Indeed, the immediate impetus for the original Marshall Plan was the United Kingdom’s announcement that it had run out of money to support the Greek government, which was fighting a Communist insurgency. Communism had already taken over half of Europe at the end of the war, and insurgencies and Communist parties were gaining ground throughout the rest of the continent.
The plan had four components. The first involved the way aid money was gathered and spent. The United States was the source; it channeled all grants through an independent funding and monitoring mechanism with its own global and local institutions. These included the Economic Cooperation Administration (ECA), which ran the entire program, with headquarters in Washington and small missions in every western European country. Each country had a special ECA account. The receiving countries formed their own regional coordinating body, the Organisation for European Economic Co-operation; this was a forerunner of both the Organisation for Economic Co-operation and Development and the European Union.

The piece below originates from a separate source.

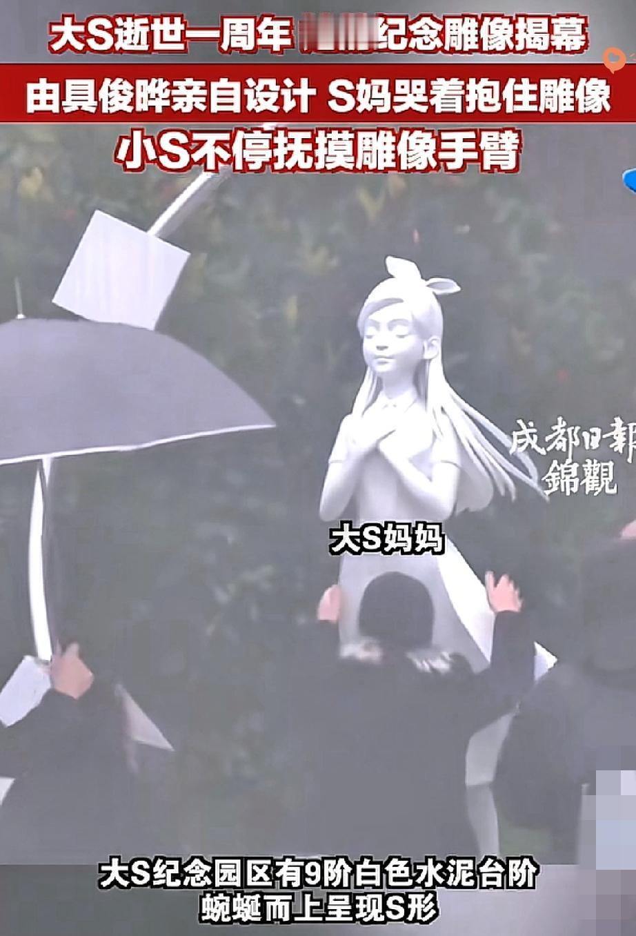 大S忌日雕像揭幕仅1小时,全网直呼丑得可怕,这份满是心意的纪念,竟成了众人吐槽的槽点! 谁也没想到,具俊晔耗时一年、倾尽心血打造的雕像,揭幕瞬间就让现场氛围变了味,本该肃穆的纪念,却因雕像和大S本人相差甚远,彻底陷入争议。 具俊晔的用心其实藏在各处,9级S形台阶藏着专属爱情密码,选址对着大S爱的烟火景观,甚至为了雕像停工减重、放弃遗产,可这份深情,却被雕像的外形彻底掩盖。 网友吐槽雕像毫无大S的灵动气质,更像不知名卡通人物,可艺术总监却说这不是复刻样貌,而是留存她的精神。 纪念从不是做给外人看的,具俊晔用自己的方式寄托思念,本就无关他人审美,可公众却执着于雕像的相似度,让私人的哀思变成了公开的审视。 其实对逝者的怀念,从来不在外在的模样复刻,而在心底的惦念从未消散。 你觉得纪念逝者,该重外在还原还是内心的情感寄托?

The second component was the intensive involvement of the private sector. The original initiative was run by business leaders, including the top administrator, Paul Hoffman of Studebaker Motor Company, then a major carmaker based in Indiana. The ultimate recipient of each loan — in effect, the unit of economic development — was an individual entrepreneur or business, not a government agency or nongovernmental organization (NGO). Money went directly to European governments, but they were required to use it to make loans to local businesses. The borrowers later repaid the loans to these governments, which could then lend them out again. This virtuous circle meant that all money spent on public projects would come from loans, most of which were repaid. It also helped ensure a focus on restoring the commercial infrastructure — such as ports and railroads, supply chains, banks and other financial institutions, and telecommunications networks — that would further boost economic activity.
Third, each European government made economic policy reforms to support its domestic private sector. They made it easier for all businesses, from upstart entrepreneurs to midsized manufacturing and larger enterprises, to thrive. The closest that Brown’s proposal for Africa came to enabling business-sector development was the provision to cut trade barriers in donor countries. The original Marshall Plan did the opposite: It cut trade barriers in recipient countries, thereby increasing the markets and prospects for the entire region through increased trade.
The fourth component was a regional coordinating body that handled the distribution of funds among countries. This ensured that countries (and their resident businesses) would compete for funds. If one country did not cooperate, another was happy to take its funds.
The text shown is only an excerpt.